**DATA EXCERPT**.
++++++
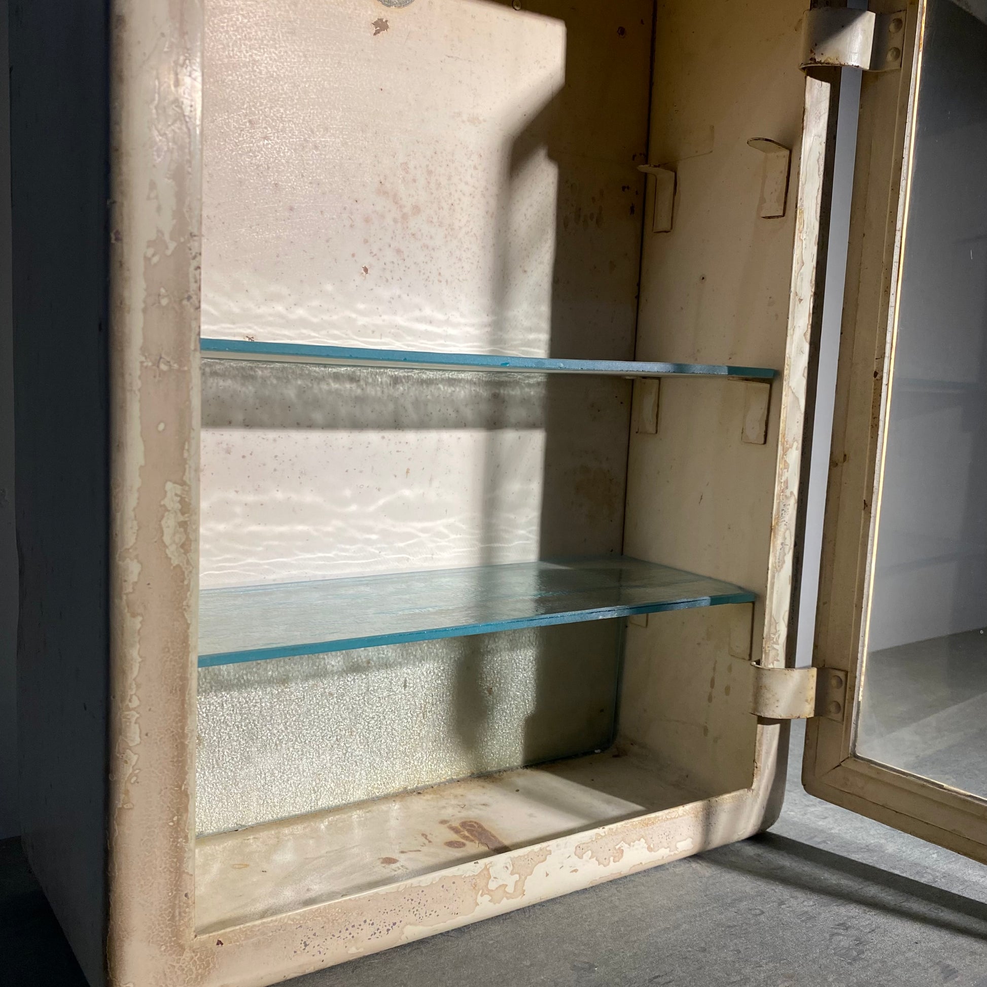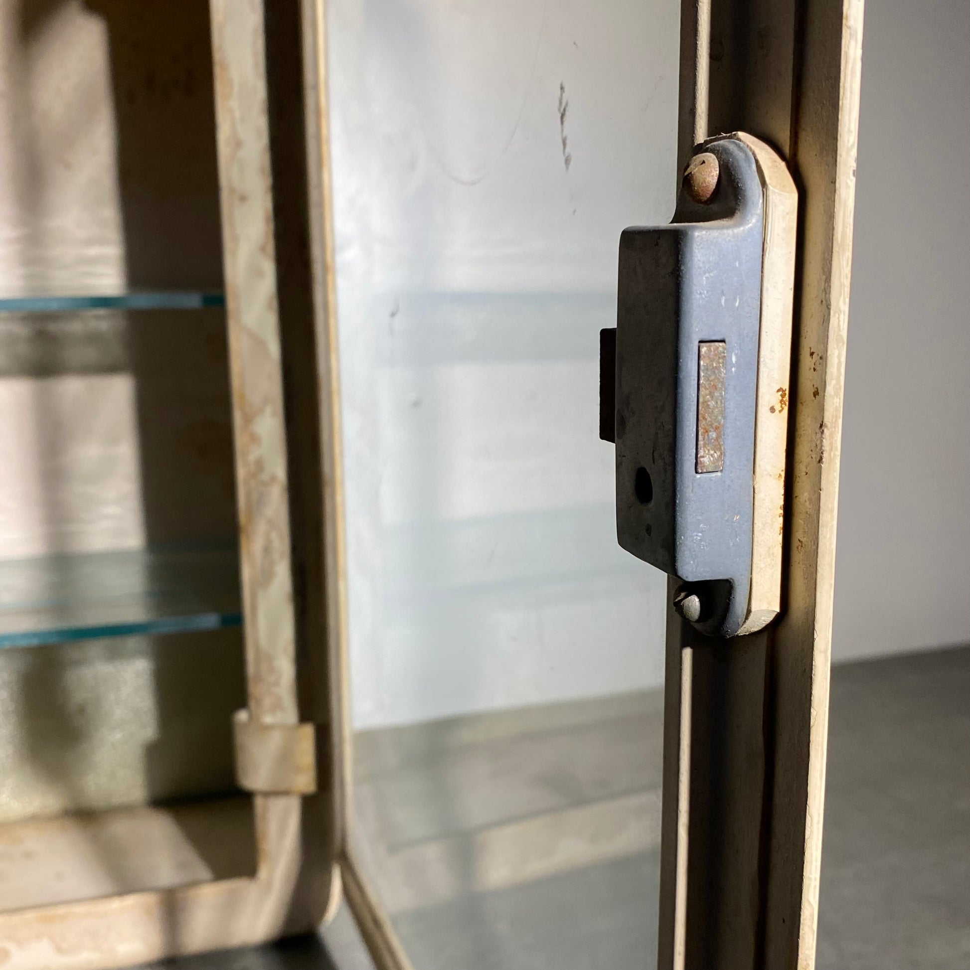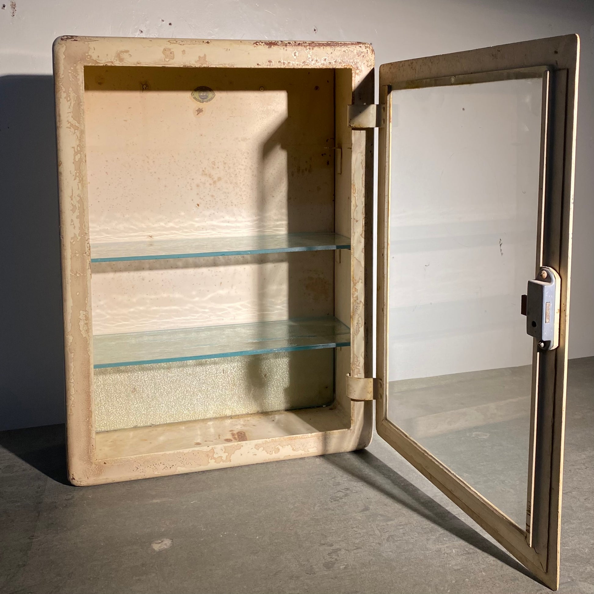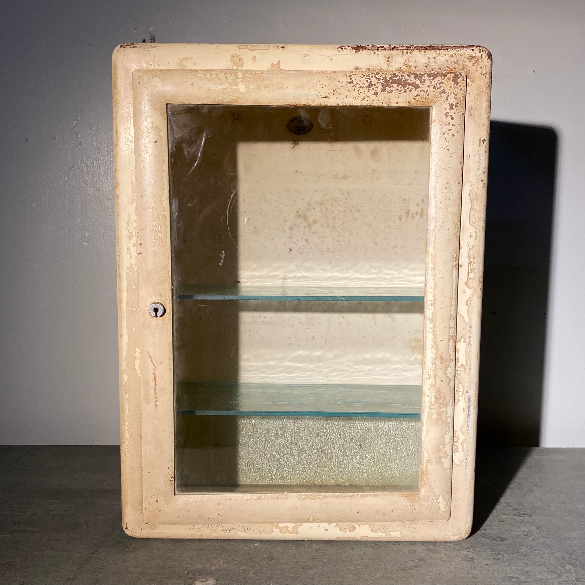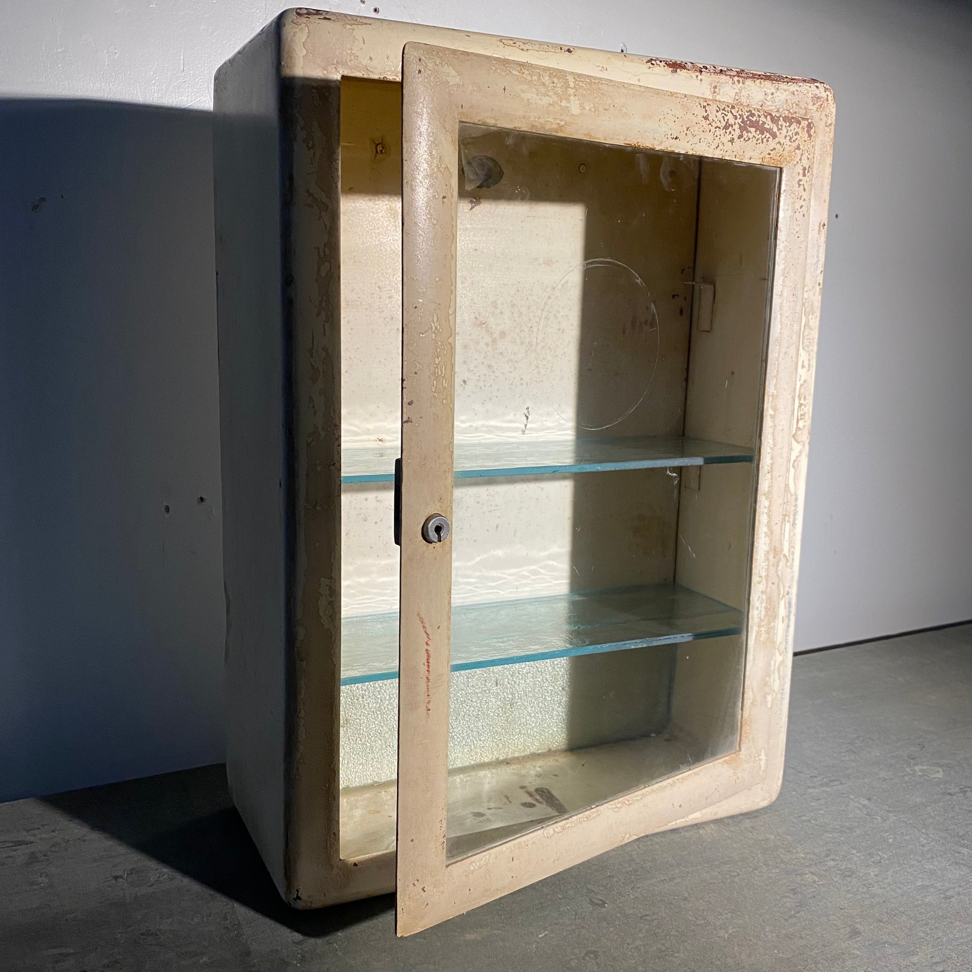 A wonderful metal EUROPEAN MEDICAL /PHARMACY CABINET IN OLD FINISH WITH ADJUSTABLE SHELVING
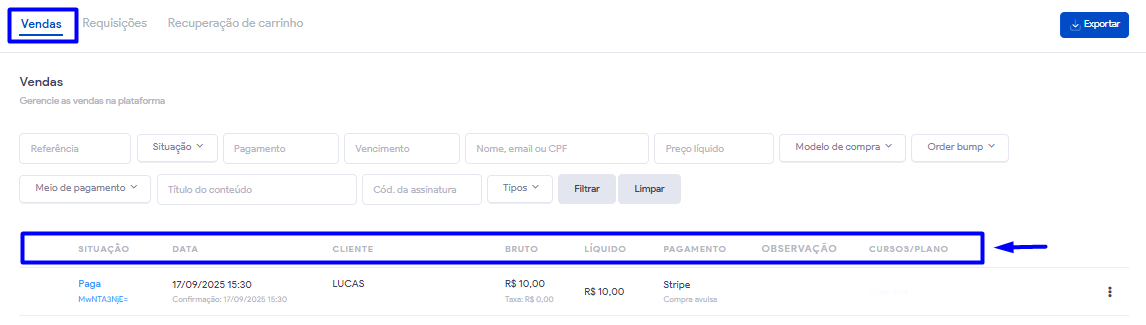 No relatório de vendas é possível visualizar todas as transações realizadas na plataforma. Para acessar basta ir no menu a esquerda e selecionar a opção "Vendas e Financeiro"
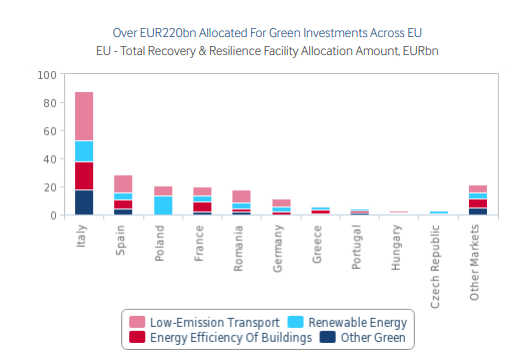目前绝大部分的欧盟成员国均已提交各自的恢复和复原计划供欧盟委员会批准,概述了其用于分配构成恢复和复原机制的赠款和贷款的支出计划。数据显示,为整个欧盟绿色基础设施投资分配的资金超过2260亿欧元(2530亿美元),其中870亿欧元(980亿美元)用于低排放交通基础设施,550亿欧元(620亿美元)用于可再生能源,500亿欧元(560亿美元)用于建筑节能投资。这直接反映了市场对恢复资金投资的最初预期,因为欧共体规定每个成员国总支出的37%应用于气候变化与变革有关的投资,未来这个数字将接近40%。
++++++
**DIRECTIONS**. The data above needs to be retyped exactly, with the images left out.

**YOUR SOLUTION**.
 A wonderful metal EUROPEAN MEDICAL /PHARMACY CABINET IN OLD FINISH WITH ADJUSTABLE SHELVING
 No relatório de vendas é possível visualizar todas as transações realizadas na plataforma. Para acessar basta ir no menu a esquerda e selecionar a opção "Vendas e Financeiro"
目前绝大部分的欧盟成员国均已提交各自的恢复和复原计划供欧盟委员会批准,概述了其用于分配构成恢复和复原机制的赠款和贷款的支出计划。数据显示,为整个欧盟绿色基础设施投资分配的资金超过2260亿欧元(2530亿美元),其中870亿欧元(980亿美元)用于低排放交通基础设施,550亿欧元(620亿美元)用于可再生能源,500亿欧元(560亿美元)用于建筑节能投资。这直接反映了市场对恢复资金投资的最初预期,因为欧共体规定每个成员国总支出的37%应用于气候变化与变革有关的投资,未来这个数字将接近40%。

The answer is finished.